Closed lightsprint09 closed 7 years ago
Currently, the build script pulls data from the static lists of stations.
I will investigate the stations API soon.
Unfortunately, the API claims to have 5363
stations, whereas the static data set has 6599
stations.
@highsource ? 😉
FYI I started working on a build script that pulls from the API. Having an API limit higher than 10 requests / 10 min would be fantastic @lightsprint09 @highsource ! 😜
I appreciate that you think I have intimate knowledge of every API and dataset. :)
The latest dataset has 5372 stations which is close to what the API says. For the difference in 9 stations - either the datasets are async or there are some edge cases.
This dataset has 6598 entries but some are repeated - in case there's two or more RIL100 per station (often the case with combined S-Bahn/long distance stations).
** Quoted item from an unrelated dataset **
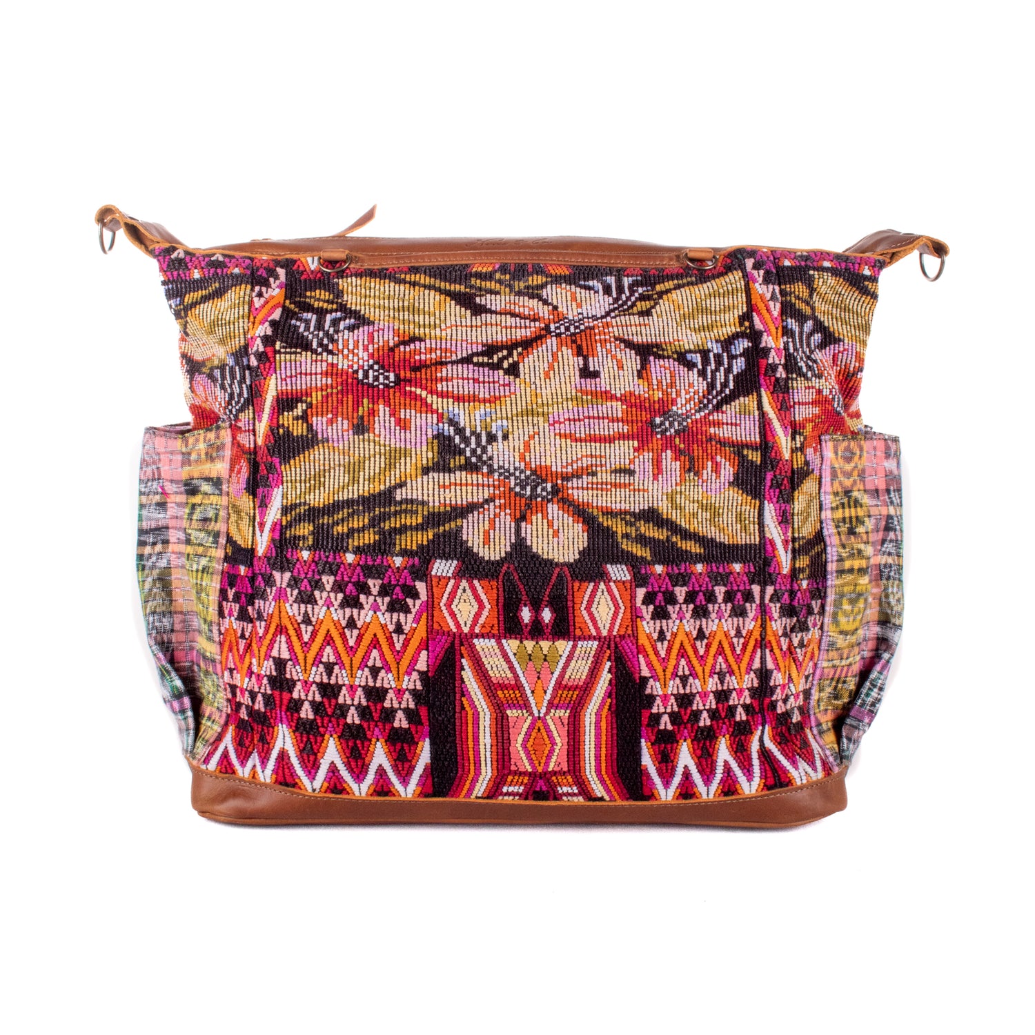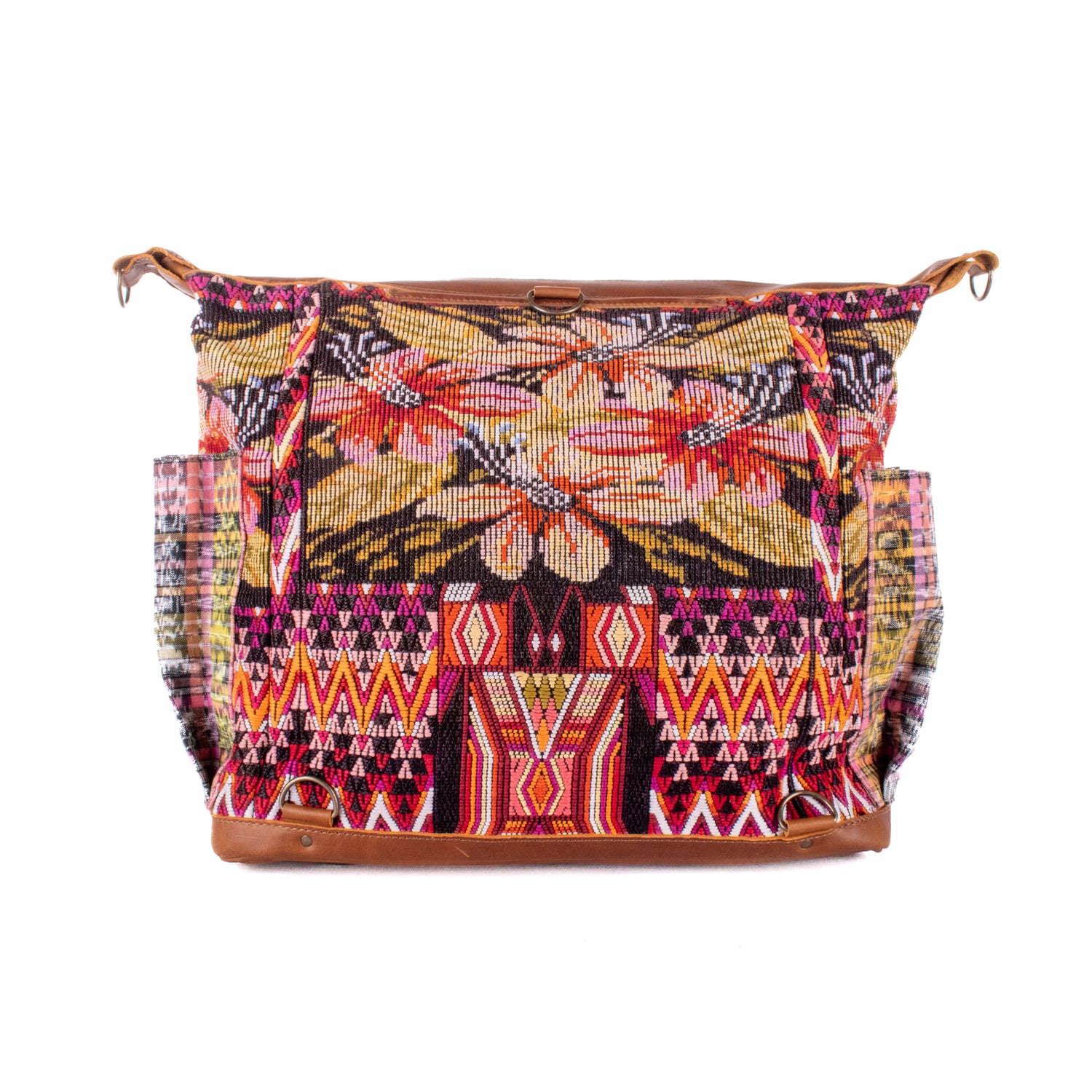 Many unique Maya symbols can be found in our One of a Kind Collection. The fabric we use for this collection is made from upcycled vintage huipiles (traditional attire worn by women in Guatemala) that were handwoven by Artisans up to 10 years ago, and they have lived a full life before being incorporated into your leather bag!

Köln Messe/Deutz has 3 RIL100-codes (KKDZ, KKDZB, KKDT). Same for Berlin Jungfernheide (BJUF, BJUN). The API still considers it to be just one station, returns two RIL100-codes.
The limit of 10 queries per minute - please write to dbopendata@deutschebahn.com, I think this should not be a problem to increase the limit.
ps. But generally I'd recommend building scripts so that they retry-with-pause (growing exponentially) in case of exceeded limit.
This dataset has 6598 entries but some are repeated - in case there's two or more RIL100 per station (often the case with combined S-Bahn/long distance stations). Köln Messe/Deutz has 3 RIL100-codes (KKDZ, KKDZB, KKDT). Same for Berlin Jungfernheide (BJUF, BJUN). The API still considers it to be just one station, returns two RIL100-codes.
That clears up things, thanks!
The limit of 10 queries per minute - please write to dbopendata@deutschebahn.com, I think this should not be a problem to increase the limit.
Will do! It's uncomfortable that this is the defautl however. It's about making access to data as convenient as possible, and a pretty strict limit of 10/min does't help with that.
ps. But generally I'd recommend building scripts so that they retry-with-pause (growing exponentially) in case of exceeded limit.
I did, i built in very cheap throttling, but it makes the build take ~~40min~ 4min instead of seconds.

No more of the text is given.